● **WHAT TO DO**
In this exercise, the entries below include pictures. Repeat exactly the lines from the line with "Futuristic neon email" to the line with "Elevate the elegance", including both, but without the pictures.

● **EXERCISE MATERIAL**
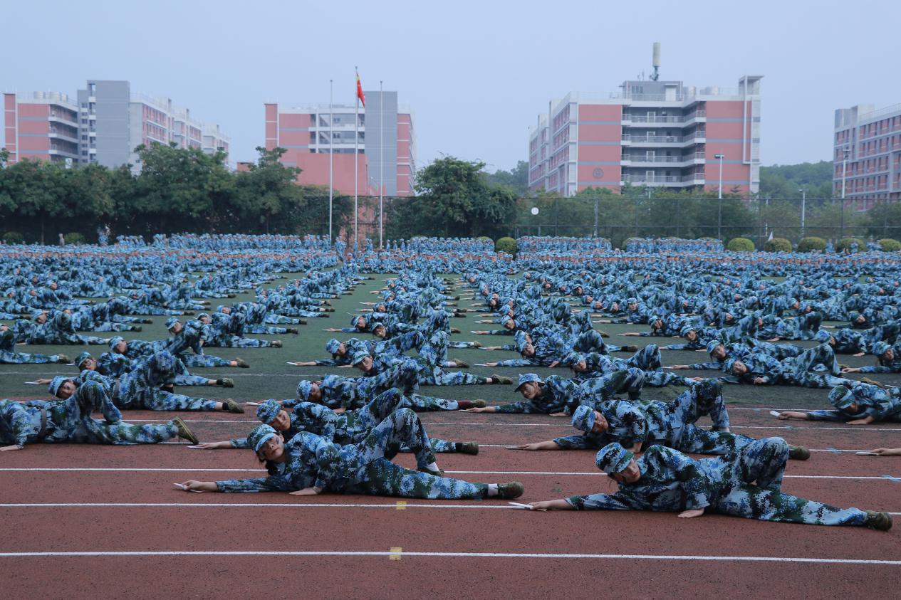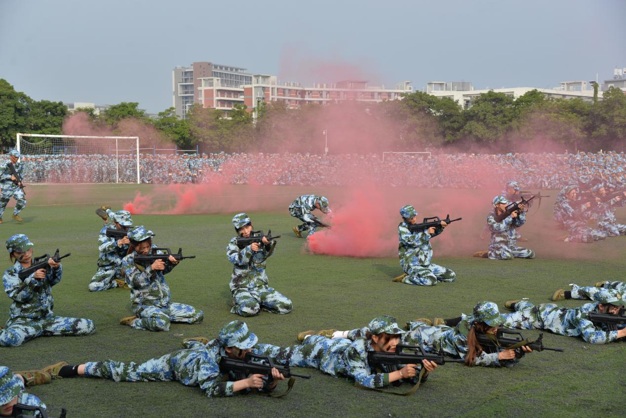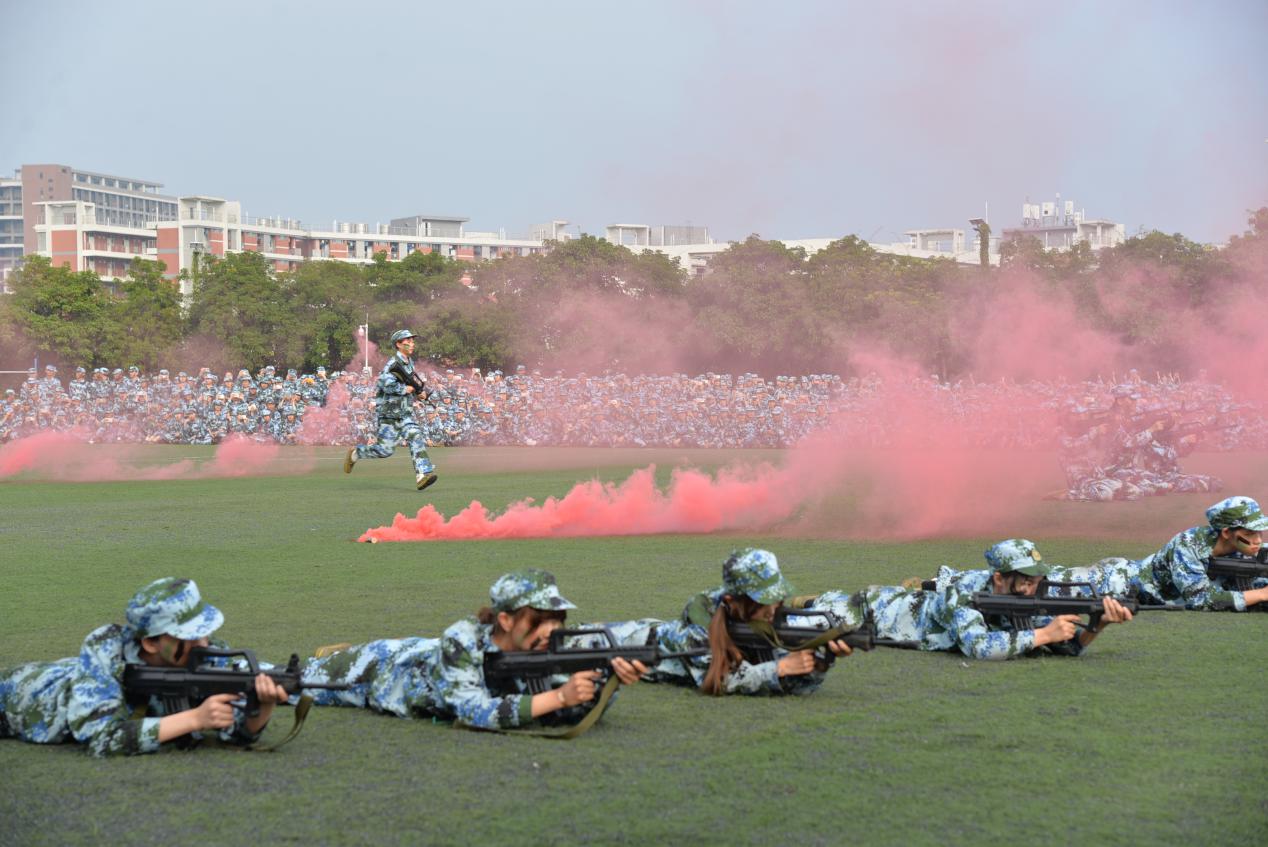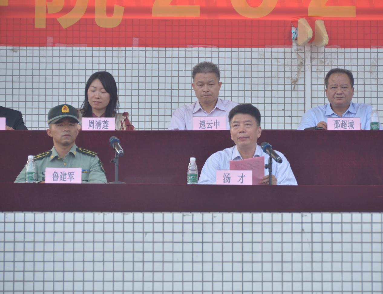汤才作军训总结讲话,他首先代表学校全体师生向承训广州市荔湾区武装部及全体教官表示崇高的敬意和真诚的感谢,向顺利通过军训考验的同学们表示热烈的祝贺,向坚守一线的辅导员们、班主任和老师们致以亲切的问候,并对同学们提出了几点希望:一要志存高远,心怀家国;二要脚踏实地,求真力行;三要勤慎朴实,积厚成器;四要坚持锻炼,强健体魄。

---

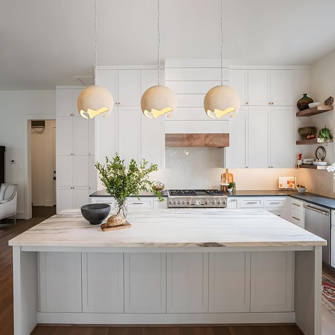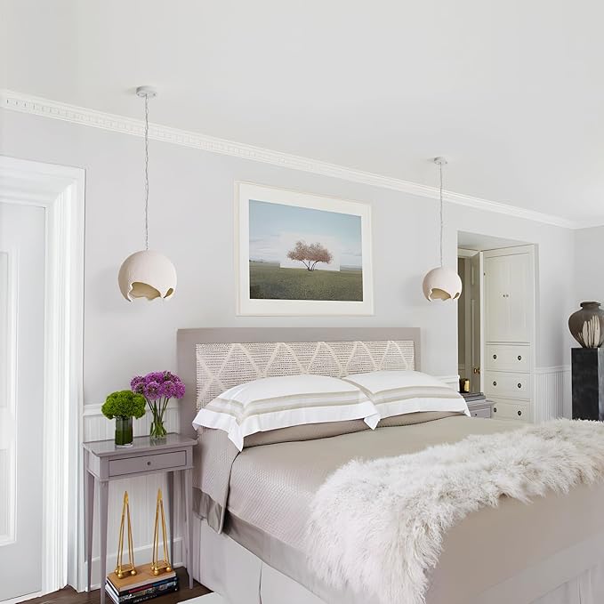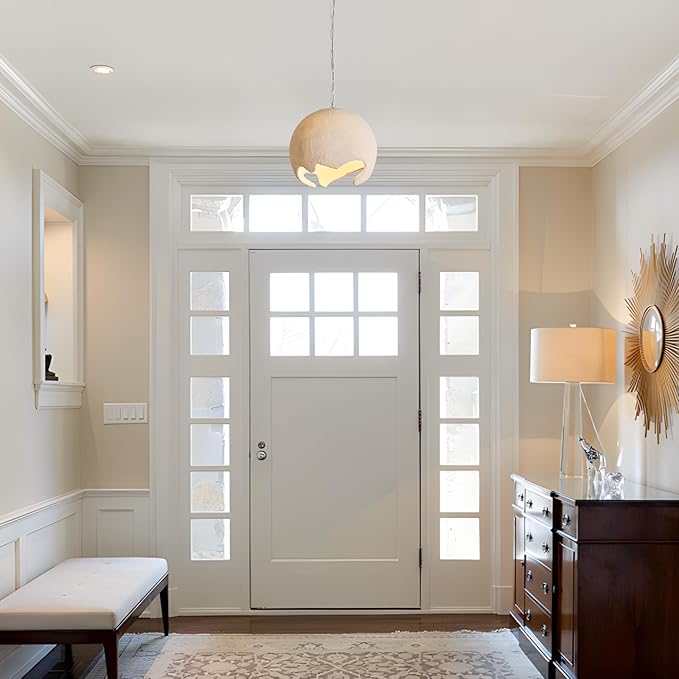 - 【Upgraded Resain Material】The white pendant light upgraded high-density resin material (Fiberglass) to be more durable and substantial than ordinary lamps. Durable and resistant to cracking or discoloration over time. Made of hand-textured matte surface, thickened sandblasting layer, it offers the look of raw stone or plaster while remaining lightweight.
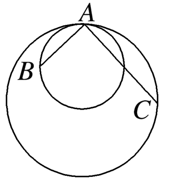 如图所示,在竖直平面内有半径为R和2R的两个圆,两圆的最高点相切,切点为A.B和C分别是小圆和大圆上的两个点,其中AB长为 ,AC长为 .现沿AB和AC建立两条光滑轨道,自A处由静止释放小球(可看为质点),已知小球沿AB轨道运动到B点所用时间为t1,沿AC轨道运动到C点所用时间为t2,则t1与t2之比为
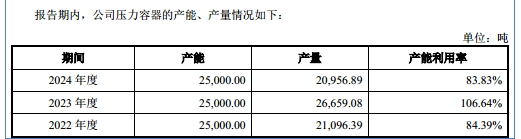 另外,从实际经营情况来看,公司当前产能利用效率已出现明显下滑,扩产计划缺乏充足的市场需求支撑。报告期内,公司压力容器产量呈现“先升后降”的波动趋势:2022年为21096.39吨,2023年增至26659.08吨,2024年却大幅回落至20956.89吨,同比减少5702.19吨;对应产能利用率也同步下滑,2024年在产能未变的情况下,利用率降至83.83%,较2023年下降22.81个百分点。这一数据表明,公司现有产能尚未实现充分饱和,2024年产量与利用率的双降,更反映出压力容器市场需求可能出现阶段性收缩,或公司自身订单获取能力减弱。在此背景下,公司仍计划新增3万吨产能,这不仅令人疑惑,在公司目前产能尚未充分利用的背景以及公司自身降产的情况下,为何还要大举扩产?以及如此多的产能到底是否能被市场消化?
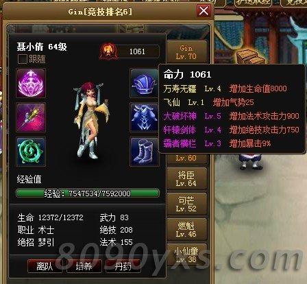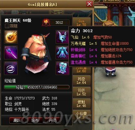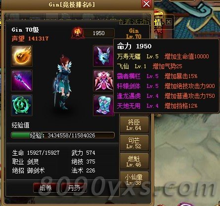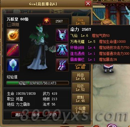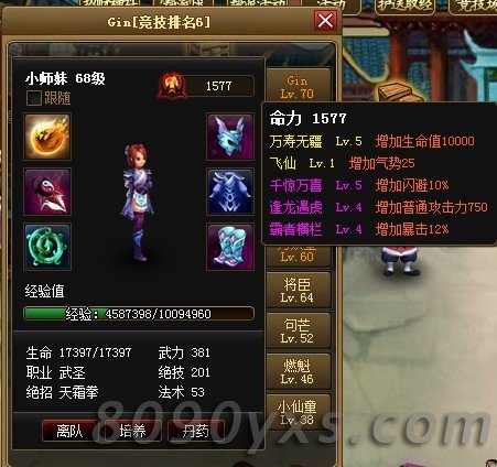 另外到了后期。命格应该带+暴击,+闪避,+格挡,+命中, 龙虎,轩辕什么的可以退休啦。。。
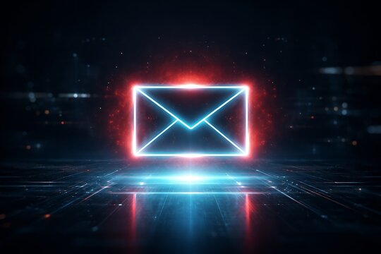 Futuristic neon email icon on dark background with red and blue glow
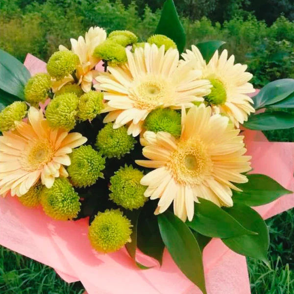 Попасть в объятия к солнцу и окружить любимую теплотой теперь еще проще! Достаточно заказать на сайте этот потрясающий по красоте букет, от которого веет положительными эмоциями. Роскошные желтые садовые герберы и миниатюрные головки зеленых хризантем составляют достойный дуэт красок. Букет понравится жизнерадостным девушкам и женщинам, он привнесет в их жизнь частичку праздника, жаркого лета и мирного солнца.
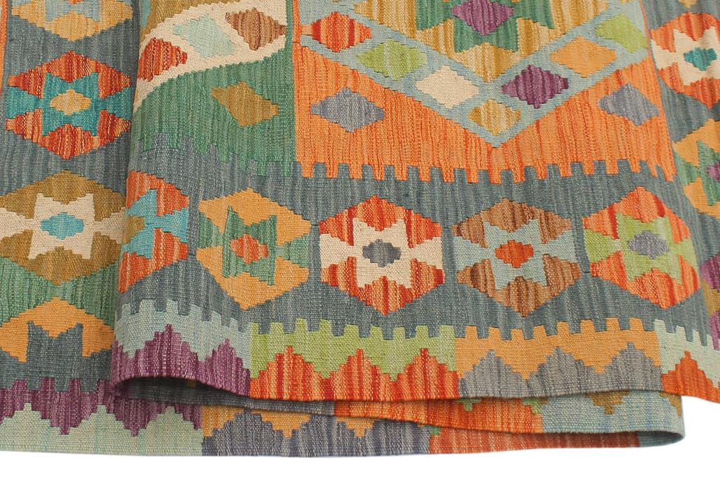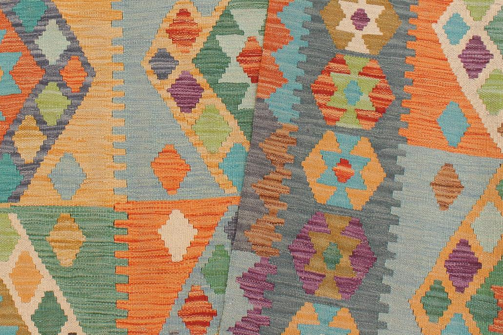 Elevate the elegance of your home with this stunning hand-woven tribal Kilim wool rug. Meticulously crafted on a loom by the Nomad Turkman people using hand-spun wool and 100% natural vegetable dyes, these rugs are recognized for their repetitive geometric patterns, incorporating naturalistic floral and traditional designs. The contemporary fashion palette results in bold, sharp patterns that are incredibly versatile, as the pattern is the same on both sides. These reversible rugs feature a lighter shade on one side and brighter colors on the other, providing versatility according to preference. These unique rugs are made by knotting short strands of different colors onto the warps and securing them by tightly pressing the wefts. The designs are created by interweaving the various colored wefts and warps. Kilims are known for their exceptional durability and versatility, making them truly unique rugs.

● **TASK SOLUTION**
 Futuristic neon email icon on dark background with red and blue glow
 Попасть в объятия к солнцу и окружить любимую теплотой теперь еще проще! Достаточно заказать на сайте этот потрясающий по красоте букет, от которого веет положительными эмоциями. Роскошные желтые садовые герберы и миниатюрные головки зеленых хризантем составляют достойный дуэт красок. Букет понравится жизнерадостным девушкам и женщинам, он привнесет в их жизнь частичку праздника, жаркого лета и мирного солнца.
 Elevate the elegance of your home with this stunning hand-woven tribal Kilim wool rug. Meticulously crafted on a loom by the Nomad Turkman people using hand-spun wool and 100% natural vegetable dyes, these rugs are recognized for their repetitive geometric patterns, incorporating naturalistic floral and traditional designs. The contemporary fashion palette results in bold, sharp patterns that are incredibly versatile, as the pattern is the same on both sides. These reversible rugs feature a lighter shade on one side and brighter colors on the other, providing versatility according to preference. These unique rugs are made by knotting short strands of different colors onto the warps and securing them by tightly pressing the wefts. The designs are created by interweaving the various colored wefts and warps. Kilims are known for their exceptional durability and versatility, making them truly unique rugs.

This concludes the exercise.